§ WORK ORDER:
The required output is an exact restatement of the lines, starting with the one that contains "Barrinhas de Kinder" and finishing with the last line of the listing. It contains no pictures.

----- SUPPLIED INFORMATION

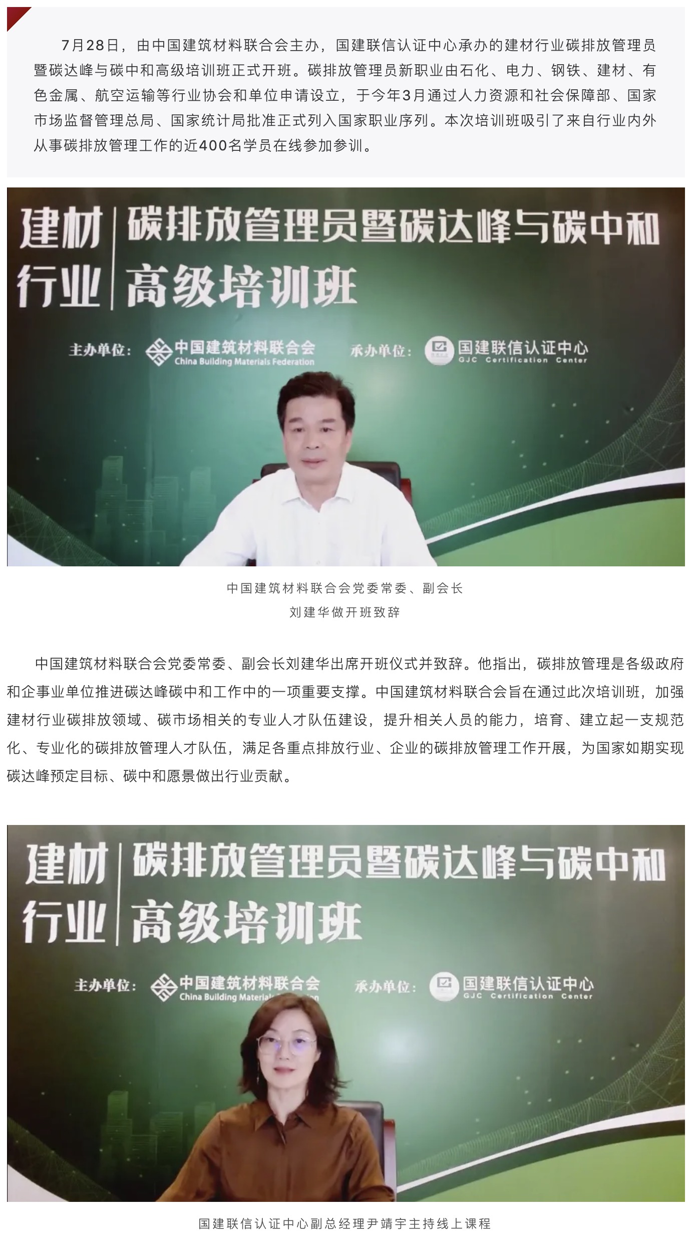 建材行業(yè)碳排放管理員暨碳達峰與碳中和高級培訓(xùn)班正式開課
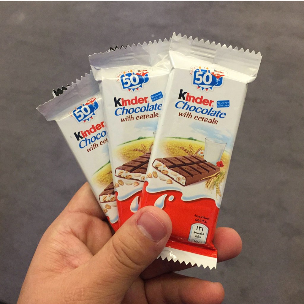 ❤️🙏❤️ Barrinhas de Kinder com Cereais! Nota: 8/10 #ExperimentaIsso#Chocolate#Kinder#KinderOvo#ferrero#Dubai#Candy#Milk#leite#cereais#cereal#sobremesa#delicia#gostoso#novidade#2018#importado#uae#emirates
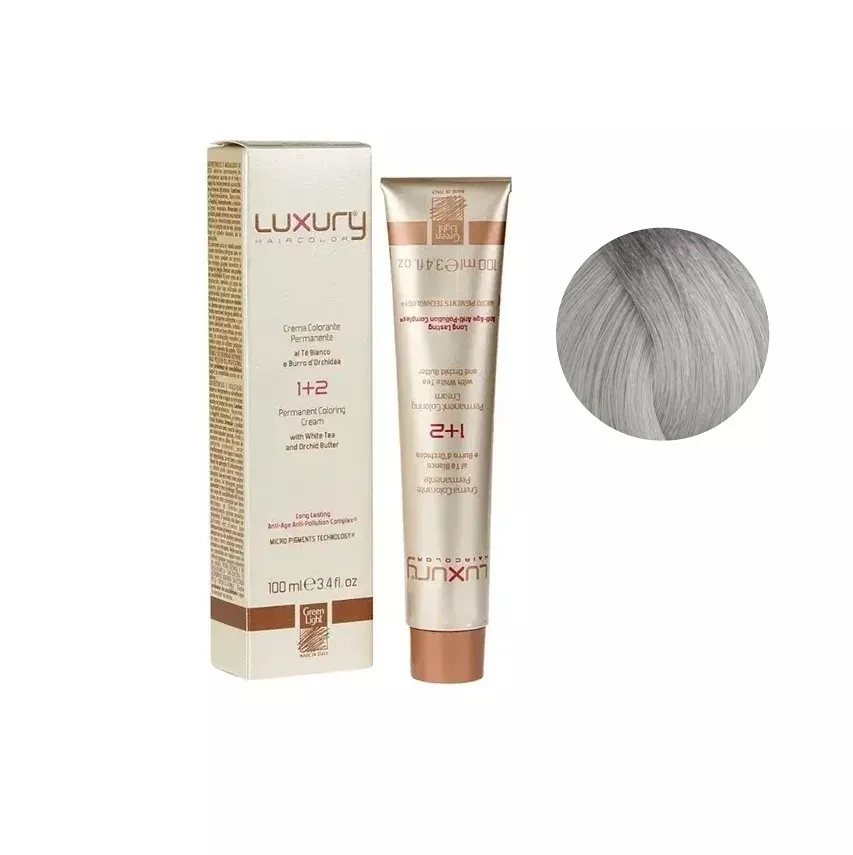 10/111 Платиновий блондин попелясто екстро інтенсивний Крем-фарба для волосся з білим чаєм та екстрактом орхідеї, 100 мл LUXURY Haircolor GREEN LIGHT

----------

§ THE ANSWER:
 ❤️🙏❤️ Barrinhas de Kinder com Cereais! Nota: 8/10 #ExperimentaIsso#Chocolate#Kinder#KinderOvo#ferrero#Dubai#Candy#Milk#leite#cereais#cereal#sobremesa#delicia#gostoso#novidade#2018#importado#uae#emirates
 10/111 Платиновий блондин попелясто екстро інтенсивний Крем-фарба для волосся з білим чаєм та екстрактом орхідеї, 100 мл LUXURY Haircolor GREEN LIGHT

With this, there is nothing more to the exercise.